Mais la majorité du temps fut de lire des propositions sur l’interprétation de l’univers; le tout dernier livre traitait de l’histoire de la physique quantique avec un titre qui promettait peut-être plus qu’il ne pouvait en livrer: What is real?, de Alan Becker. Aussitôt la lecture terminée, je suis allé voir du côté des virulentes critiques écrites par des gens plus qualifiés que moi pour en discuter. Les précédents livres, trois de Lanza (1, 2, 3), traitant de sa proposition biocentrique, ceux de Laszlo (1, 2) proposant une version plus magico-scientifique-lyrique autour du champ akashique, m’ont renseigné et laissé sur ma faim.
L’aventure quantique est fabuleuse et la lecture du livre de Becker, mais aussi les précédents, m’a montré que tout n’est pas joué dans la compréhension du fameux pourquoi et du comment.
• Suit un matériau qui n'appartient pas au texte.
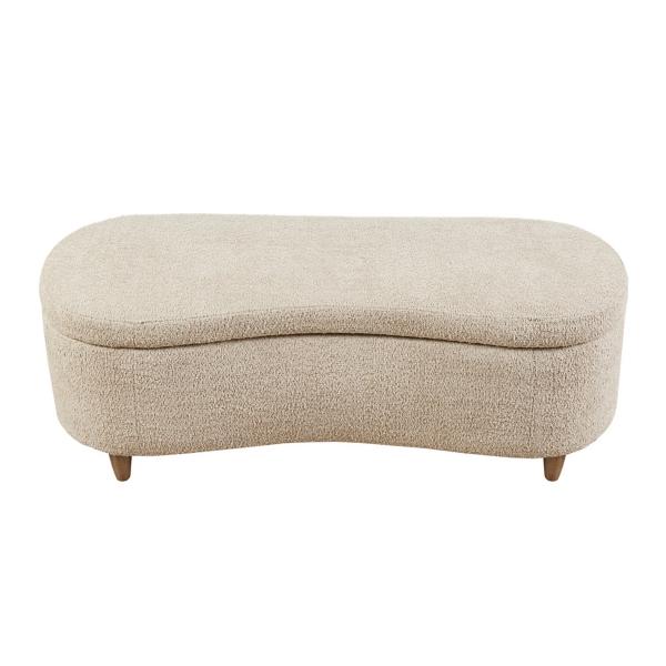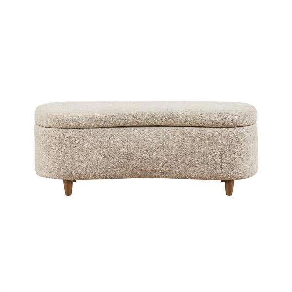Introducing our Cream Boucle Flip-Top Storage Bench! This bench is a stylish and versatile piece that will fit seamlessly into any room of your home. Featuring clean lines and a curved front, you'll love all the storage space! Bench measures 48L x 16.5W x 18H in. Crafted of solid wood and plywood Upholstered in polyester with a high-density foam cushion fill Natural elm leg finish Cream boucle upholstery finish Accented with a curved front Includes soft-close hinges Weight capacity: 400 lbs. Some assembly required Care: Spot clean. This item is available at Kirklands.com only, not available in stores. Please note: this item cannot be shipped to APO/FPO addresses.WARNING: Cancer and Reproductive Harm - For more information go to www.P65Warnings.ca.gov.

Au début de chaque lecture, je suis comme le jeune amoureux qui croit que son extase sera éternelle. Au milieu de la lecture, je deviens l’amant qui en redemande et qui exige. À la fin, je suis ce corps fatigué, prisonnier de sa finalité, devenu peut-être un peu plus sage, la ferveur de sa passion transformée en une vieille peau de serpent laissée au sol pour le bon plaisir de bactéries gourmandes.
C’est un peu comme si, durant les premières pages, je me dotais d’ailes prometteuses et vibrantes jusqu’à ce que la chaleur de mon ignorance vienne brûler chaque plume qui les composent. Avec le temps, à force d’essayer de nouveau plumages, je suis parvenu à planer et ainsi adoucir la chute.
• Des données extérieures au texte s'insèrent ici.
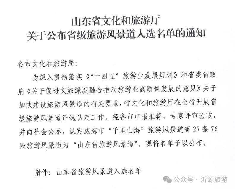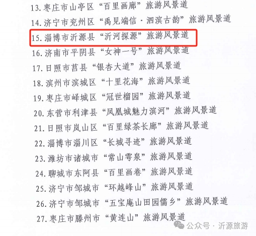 近日,山东省文化和旅游厅公布省级旅游风景道名单,我县“沂河探源”旅游风景道入选。

Puis j’ouvre un nième livre, ou écris quelques phrases avant de retourner dormir.
Durant les rêves, les aventures sont différentes, se réinventent. Les oiseaux sont parfois nus ou vêtus d’armures humaines. Les possibilités, les probabilités s’en donnent à cœur joie. Il y a cette intense obstination chez les poètes qui les amène à s’entourer de nuage, au réveil. Nous, les gens dits ordinaires, les physiciens qui se taisent et calculent, les imitons sans doute un petit peu. Heureux qui, sans se boucher les oreilles, réussissent à danser sur le fil ténu du mystère?
Que pourrais-je bien lire, maintenant?